Still, for most applications, FHE processing remains at least 100,000 times slower compared with unencrypted data, says Rondeau. This is why, in 2020, DARPA launched a programme called Data Protection in Virtual Environments to create specialised chips designed to run FHE. Lattice-encrypted data comes in much larger chunks than normal chips are used to dealing with. So several research teams involved in the project, including one led by Duality, are investigating ways to alter circuits to efficiently process, store and move this kind of data. The goal is to analyse any FHE-encrypted data just 10 times slower than usual, says Rondeau, who is managing the programme.
Even if it were lightning fast, FHE wouldn’t be flawless. Van Dijk says it doesn’t work well with certain kinds of program, such as those that contain branching logic made up of “if this, do that” operations. Meanwhile, information security researcher Martin Albrecht at Royal Holloway, University of London, points out that the justification for FHE is based on the need to share data so it can be analysed. But a lot of routine data analysis isn’t that complicated – doing it yourself might sometimes be simpler than getting to grips with FHE.
For his part, de Montjoye is a proponent of privacy engineering: not relying on one technology to protect people’s data, but combining several approaches in a defensive package. FHE is a great addition to that toolbox, he reckons, but not a standalone winner.

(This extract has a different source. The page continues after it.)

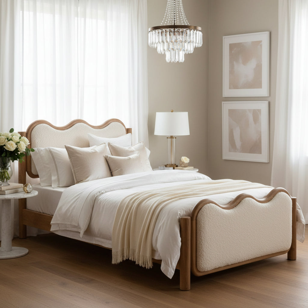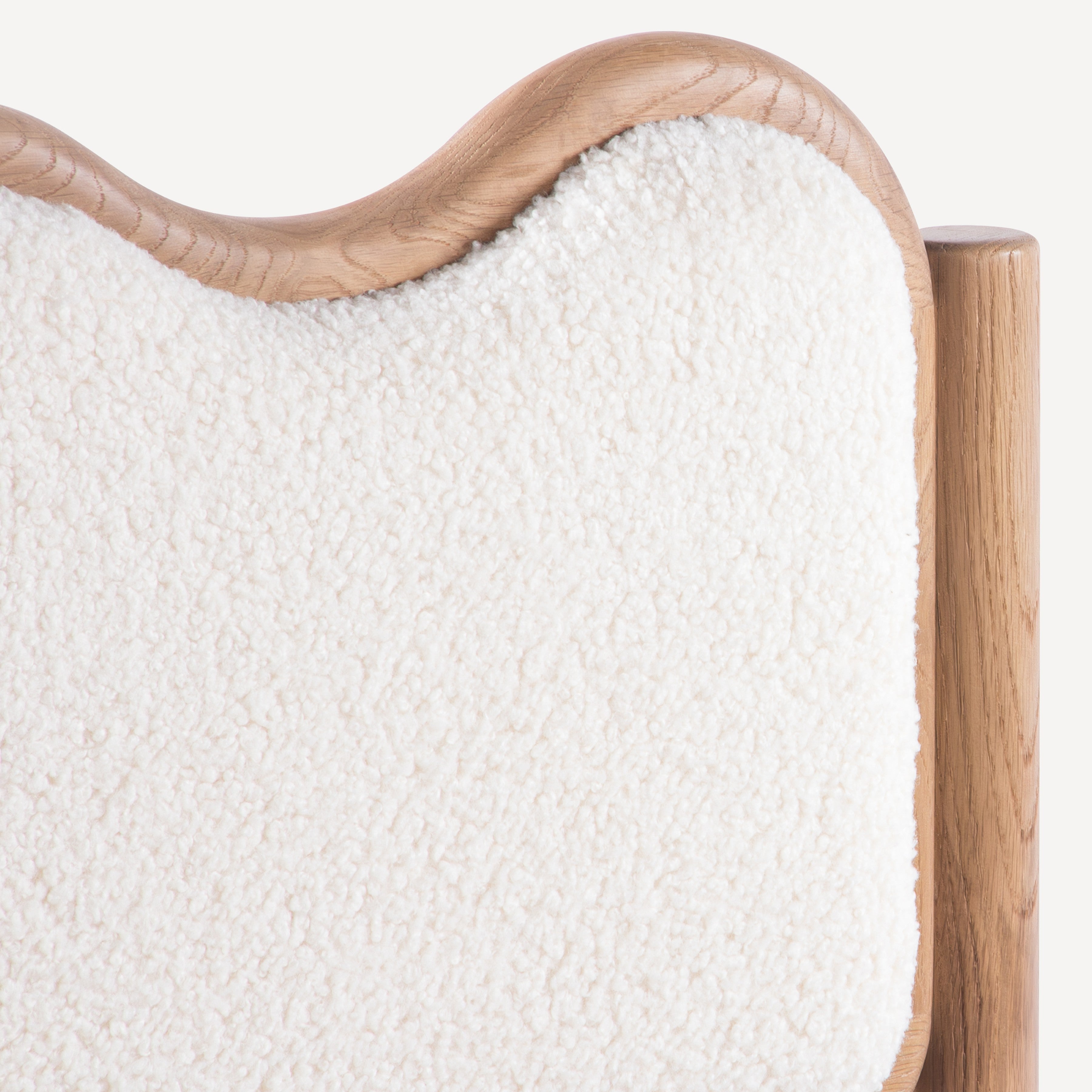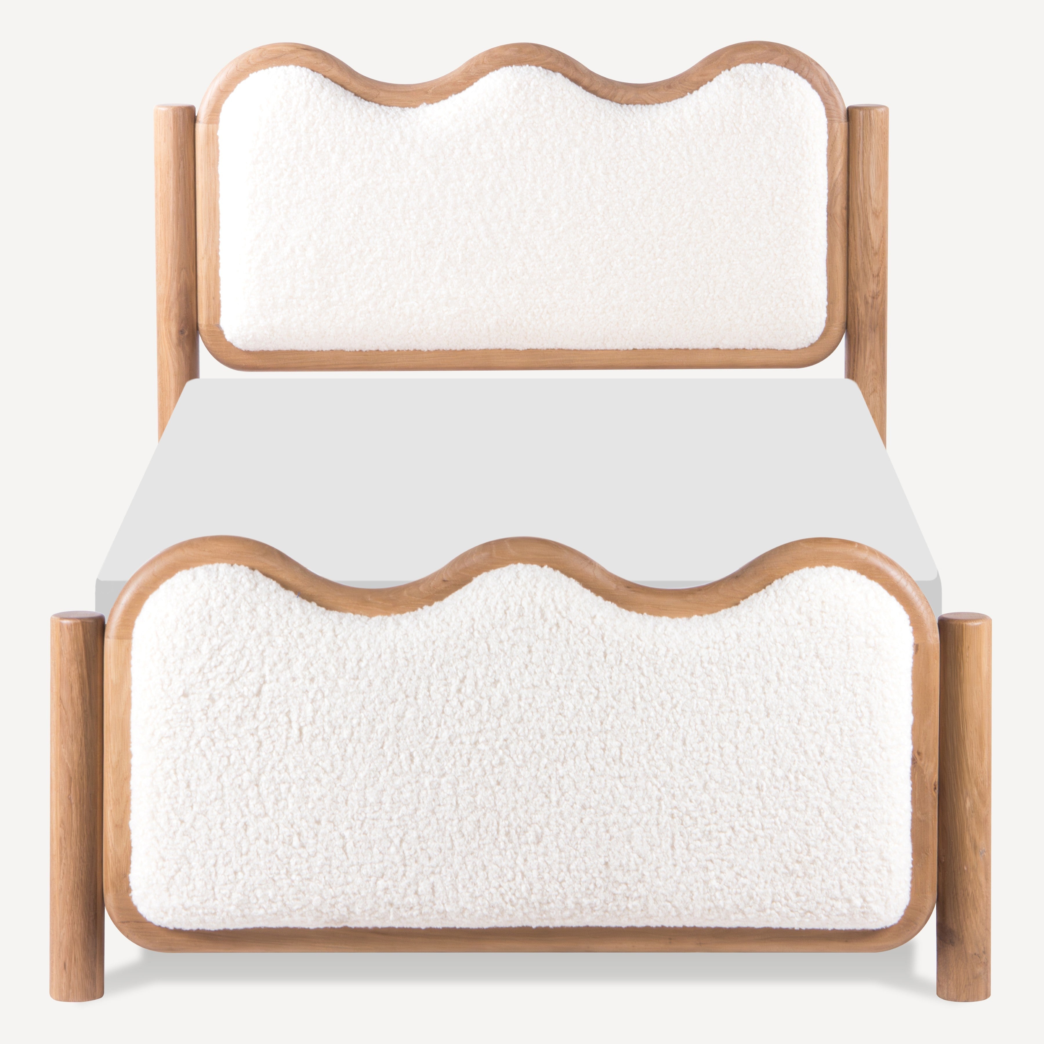 Dynamic in form, our Swirl bed will add a touch of whimsy to your bedroom. A solid, FSC-certified Oak surround frames a soft, upholstered boucle head and footboard with a soft, wavy edge.

This is exactly the approach that Fellay and his colleagues have taken to smooth the sharing of medical data. Fellay worked with computer scientists at the Swiss Federal Institute of Technology in Lausanne who created a scheme combining FHE with another privacy-preserving tactic called secure multiparty computation (SMC). This sees the different organisations join up chunks of their data in such a way that none of the private details from any organisation can be retrieved.

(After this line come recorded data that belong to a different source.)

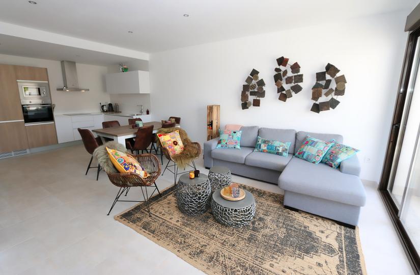 Denne fullt møblerte eiendommen ligger bare en kort spasertur fra sentrum, butikker og restauranter, og tilbyr komfort og bekvemmelighet i en førsteklasses beliggenhet. Med tre soverom og to bad åpner den lyse og moderne stuen ut mot en solrik terrasse, ideell for å nyte middelhavsklimaet. Leiligheten har et moderne amerikansk kjøkken, klimaanlegg, gulvvarme på badene og en privat terrasse med terrassemøbler. I tillegg kommer den med fire sykler og en bod, perfekt for å utforske området eller oppbevare strandutstyr.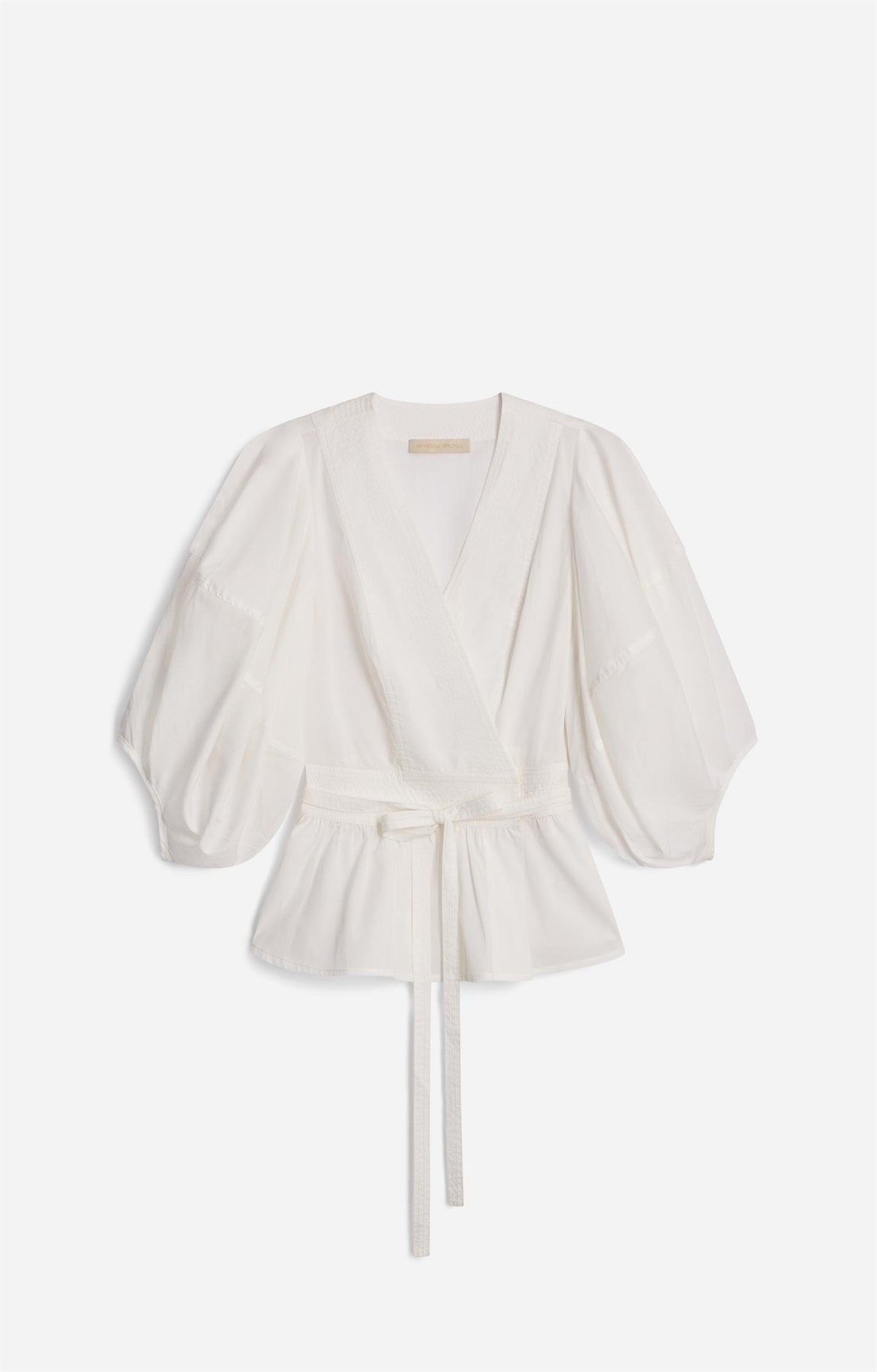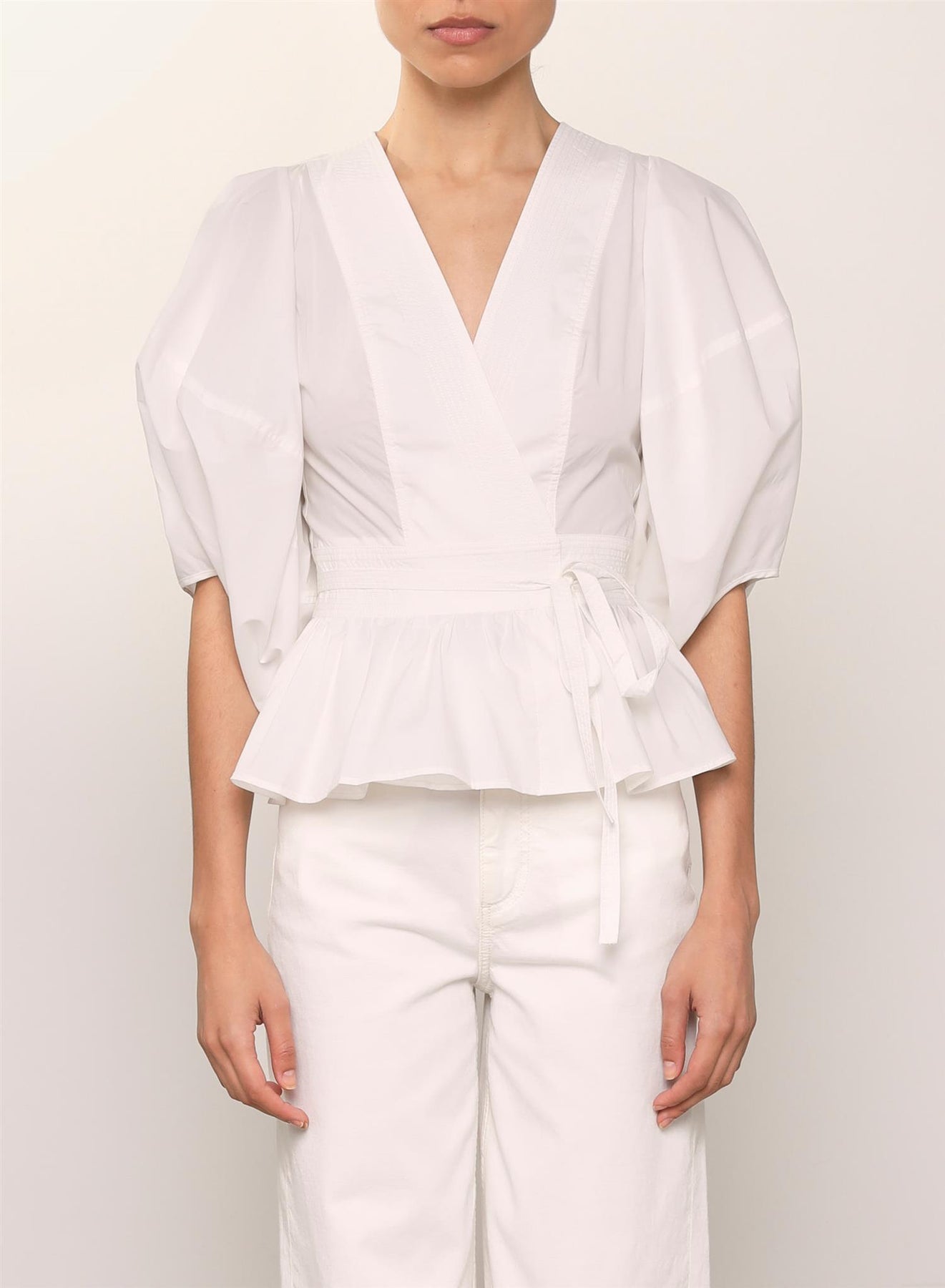 Blusen har korte puffermer og en flatterende omslagsfasong som knytes foran, noe som fremhever midjen på en elegant måte. Det luftige uttrykket gjør den perfekt for varmere dager, samtidig som de delikate detaljene gir et sofistikert preg.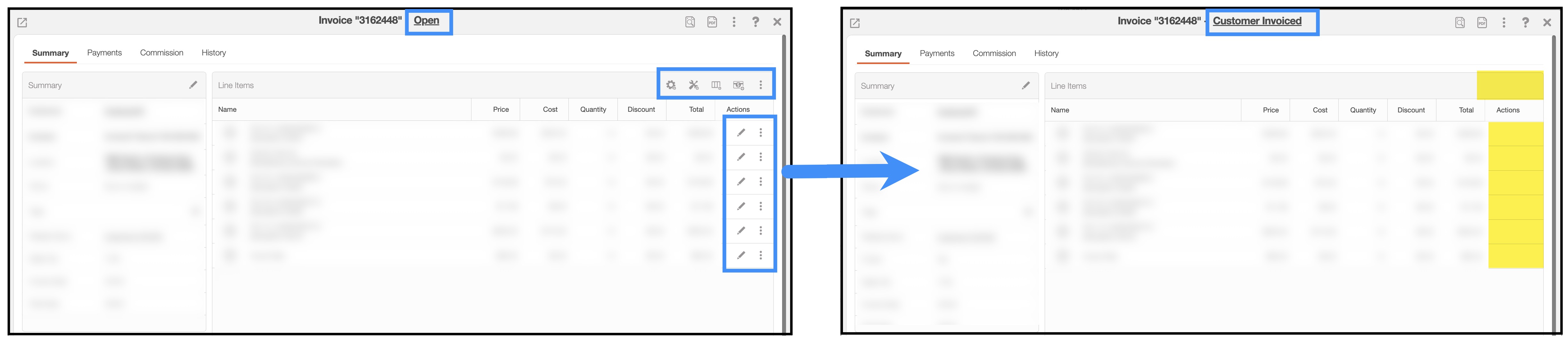 Once you set an invoice's status to "Customer Invoiced" or use the "Lock Invoice" option from the right-click / Individual Actions drop-down menus, you will be unable to edit the line items: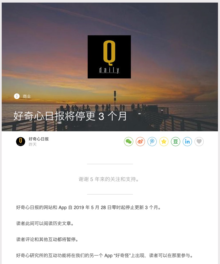 5 月 27 日晚,好奇心日报忽然发布一则

In a paper published in October 2021, the team used a combination of FHE and SMC to securely pool data from multiple sources and use it to predict the efficacy of cancer treatments or identify specific variations in people’s genomes that predict the progression of HIV infection. The trial was so successful that the team has now deployed the technology to allow Switzerland’s five university hospitals to share patient data, both for medical research and to help doctors personalise treatments. “We’re implementing it in real life,” says Fellay, “making the data of the Swiss hospitals shareable to answer any research question as long as the data exists.”

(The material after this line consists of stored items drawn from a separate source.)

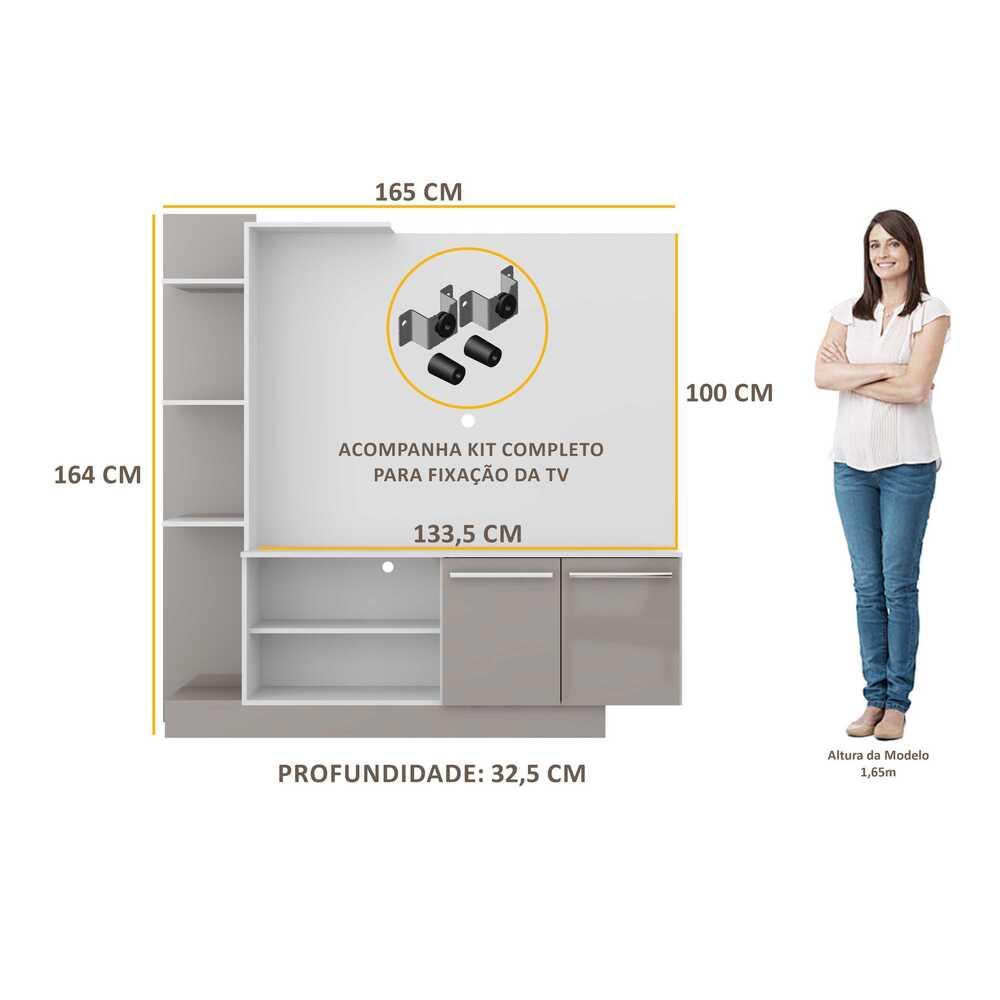Estante com Suporte para TV até 55" Multimóveis Denver FG3069 Branca/Lacca Fumê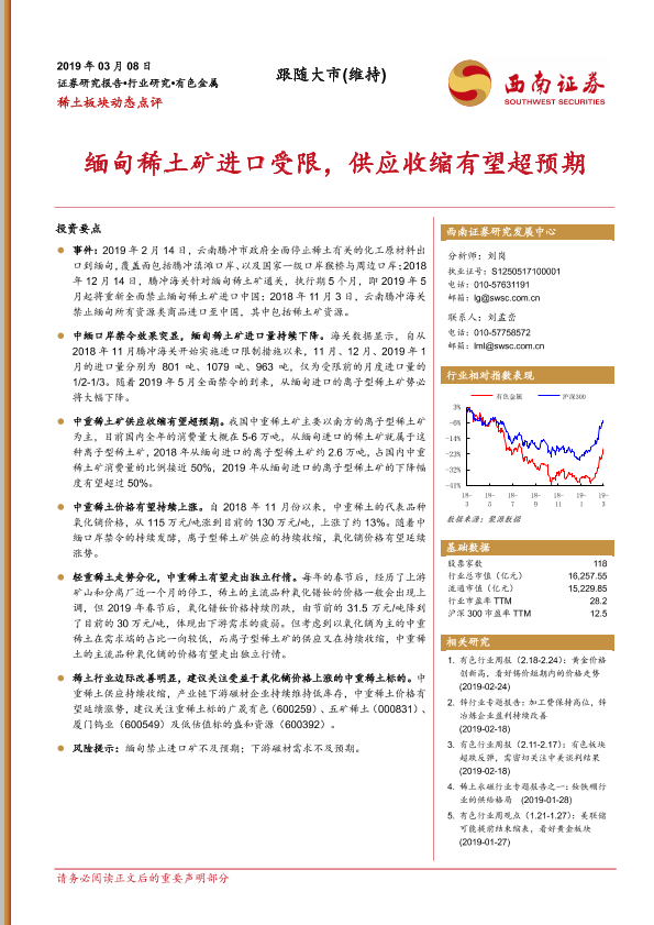 【西南证券】【20190308】稀土板块动态点评:缅甸稀土矿进口受限,供应收缩有望超预期-3页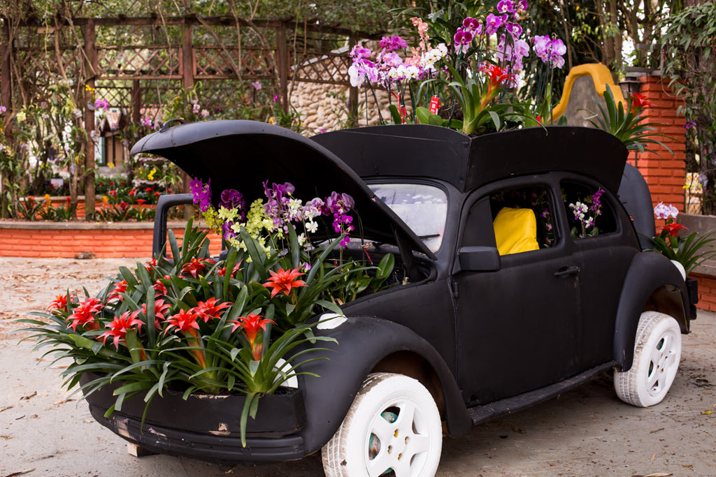 O que é mais cool que o carro símbolo do retrô, com pintura customizada e um monte de flores dispostas como uma headpiece da Carmen Miranda? E sim, dá para sentar no banco do passageiro e fazer fotos nele.

If data is the new oil, then it seems the world’s thirst for it isn’t letting up. FHE could be akin to a new mining technology, one that will open up some of the most valuable but currently inaccessible deposits. Its slow speed may be a stumbling block. But, as Goldwasser says, comparing the technology with completely unencrypted processing makes no sense. “If you believe that security is not a plus, but it’s a must,” she says, “then in some sense there is no overhead.”